[SOURCE DATA — start]

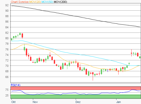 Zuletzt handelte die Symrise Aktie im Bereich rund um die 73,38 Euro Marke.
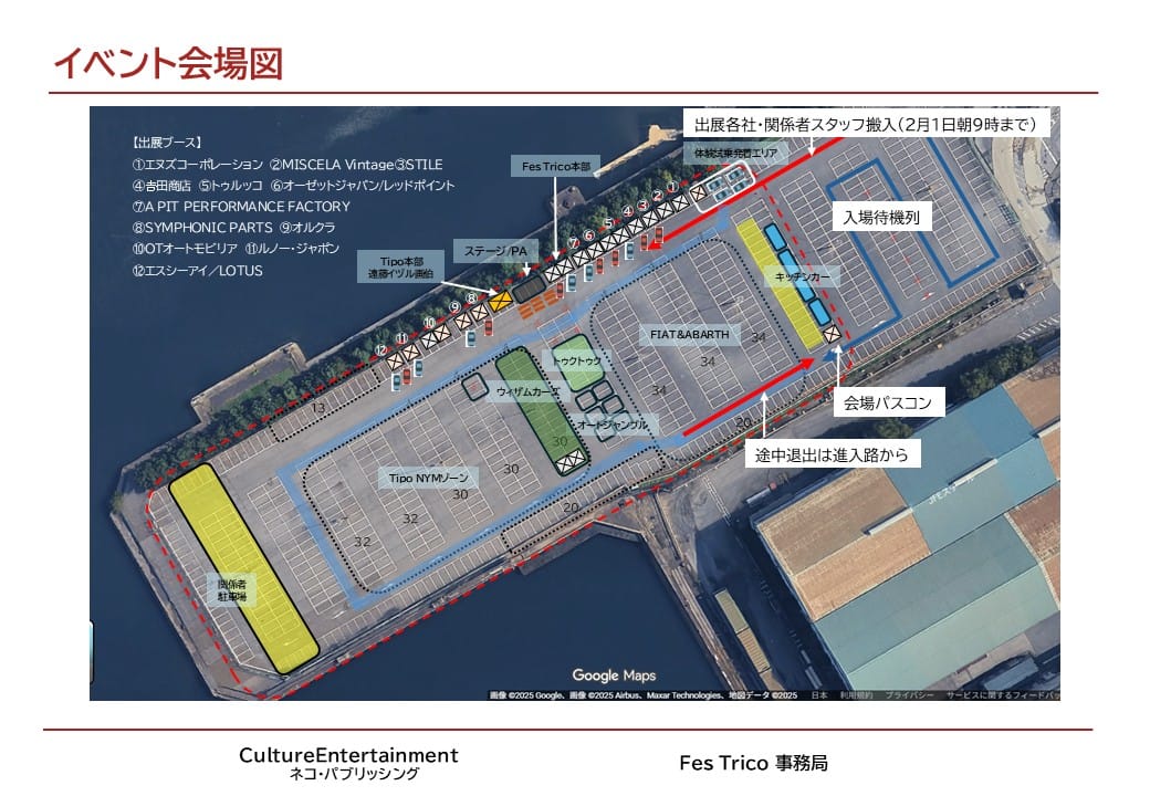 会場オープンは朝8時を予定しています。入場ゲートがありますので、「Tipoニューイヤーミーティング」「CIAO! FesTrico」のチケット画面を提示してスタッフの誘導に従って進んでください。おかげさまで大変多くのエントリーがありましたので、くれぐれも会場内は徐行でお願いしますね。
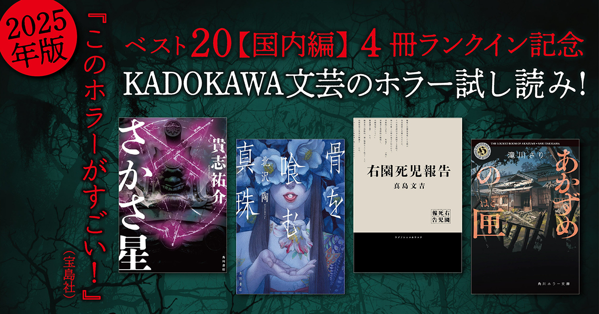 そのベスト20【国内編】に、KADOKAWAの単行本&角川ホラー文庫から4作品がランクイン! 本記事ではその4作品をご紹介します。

[SOURCE DATA — finish]

PROBLEM DETAILS — This task asks for the data above repeated exactly, without a single picture.

TASK RESPONSE —
 Zuletzt handelte die Symrise Aktie im Bereich rund um die 73,38 Euro Marke.
 会場オープンは朝8時を予定しています。入場ゲートがありますので、「Tipoニューイヤーミーティング」「CIAO! FesTrico」のチケット画面を提示してスタッフの誘導に従って進んでください。おかげさまで大変多くのエントリーがありましたので、くれぐれも会場内は徐行でお願いしますね。
 そのベスト20【国内編】に、KADOKAWAの単行本&角川ホラー文庫から4作品がランクイン! 本記事ではその4作品をご紹介します。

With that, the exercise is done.